=== Exercise material ===

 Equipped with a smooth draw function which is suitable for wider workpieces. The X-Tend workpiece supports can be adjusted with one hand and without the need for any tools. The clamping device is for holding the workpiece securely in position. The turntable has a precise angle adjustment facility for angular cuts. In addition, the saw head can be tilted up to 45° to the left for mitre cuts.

===
=== Exercise material ===

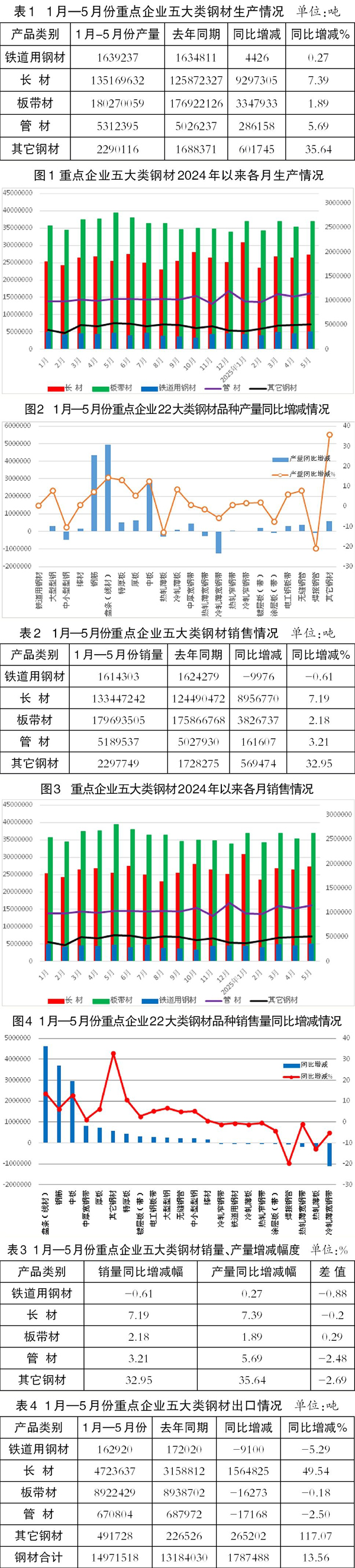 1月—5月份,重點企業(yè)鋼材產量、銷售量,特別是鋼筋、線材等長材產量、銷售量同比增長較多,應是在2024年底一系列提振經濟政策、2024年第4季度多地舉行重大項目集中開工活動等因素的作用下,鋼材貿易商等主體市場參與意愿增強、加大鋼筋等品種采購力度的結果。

===
=== Exercise material ===

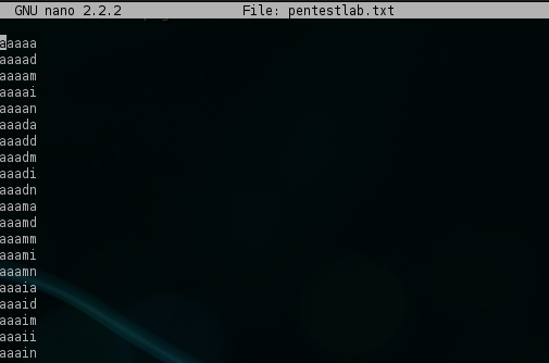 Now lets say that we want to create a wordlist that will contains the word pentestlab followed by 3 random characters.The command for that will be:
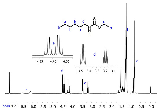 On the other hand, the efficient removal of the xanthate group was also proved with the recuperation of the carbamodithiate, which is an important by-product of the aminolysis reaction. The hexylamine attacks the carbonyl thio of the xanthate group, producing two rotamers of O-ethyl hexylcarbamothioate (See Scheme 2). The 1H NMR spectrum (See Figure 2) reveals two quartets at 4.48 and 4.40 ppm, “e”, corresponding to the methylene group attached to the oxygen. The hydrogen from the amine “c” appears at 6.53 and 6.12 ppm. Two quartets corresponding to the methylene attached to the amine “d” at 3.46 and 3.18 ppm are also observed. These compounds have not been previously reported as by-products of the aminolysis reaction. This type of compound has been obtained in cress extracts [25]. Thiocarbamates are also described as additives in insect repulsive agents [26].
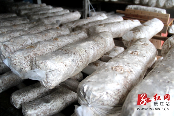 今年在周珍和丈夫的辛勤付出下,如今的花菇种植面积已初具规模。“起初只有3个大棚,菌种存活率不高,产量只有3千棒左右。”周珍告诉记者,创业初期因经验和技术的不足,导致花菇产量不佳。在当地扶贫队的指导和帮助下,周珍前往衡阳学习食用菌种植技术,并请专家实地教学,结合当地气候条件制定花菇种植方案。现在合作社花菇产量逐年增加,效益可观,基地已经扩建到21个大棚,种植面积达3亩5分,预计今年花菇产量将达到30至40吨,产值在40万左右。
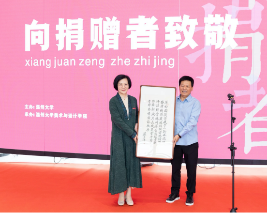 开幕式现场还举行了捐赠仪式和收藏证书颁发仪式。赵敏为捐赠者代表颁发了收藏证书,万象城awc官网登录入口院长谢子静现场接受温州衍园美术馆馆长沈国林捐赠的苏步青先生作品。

===

Everything above from the line containing "On the other" through the line containing "开幕式现场还举行了捐赠仪式和" must be repeated exactly, and the pictures must be left out.

◆ Expected output
 On the other hand, the efficient removal of the xanthate group was also proved with the recuperation of the carbamodithiate, which is an important by-product of the aminolysis reaction. The hexylamine attacks the carbonyl thio of the xanthate group, producing two rotamers of O-ethyl hexylcarbamothioate (See Scheme 2). The 1H NMR spectrum (See Figure 2) reveals two quartets at 4.48 and 4.40 ppm, “e”, corresponding to the methylene group attached to the oxygen. The hydrogen from the amine “c” appears at 6.53 and 6.12 ppm. Two quartets corresponding to the methylene attached to the amine “d” at 3.46 and 3.18 ppm are also observed. These compounds have not been previously reported as by-products of the aminolysis reaction. This type of compound has been obtained in cress extracts [25]. Thiocarbamates are also described as additives in insect repulsive agents [26].
 今年在周珍和丈夫的辛勤付出下,如今的花菇种植面积已初具规模。“起初只有3个大棚,菌种存活率不高,产量只有3千棒左右。”周珍告诉记者,创业初期因经验和技术的不足,导致花菇产量不佳。在当地扶贫队的指导和帮助下,周珍前往衡阳学习食用菌种植技术,并请专家实地教学,结合当地气候条件制定花菇种植方案。现在合作社花菇产量逐年增加,效益可观,基地已经扩建到21个大棚,种植面积达3亩5分,预计今年花菇产量将达到30至40吨,产值在40万左右。
 开幕式现场还举行了捐赠仪式和收藏证书颁发仪式。赵敏为捐赠者代表颁发了收藏证书,万象城awc官网登录入口院长谢子静现场接受温州衍园美术馆馆长沈国林捐赠的苏步青先生作品。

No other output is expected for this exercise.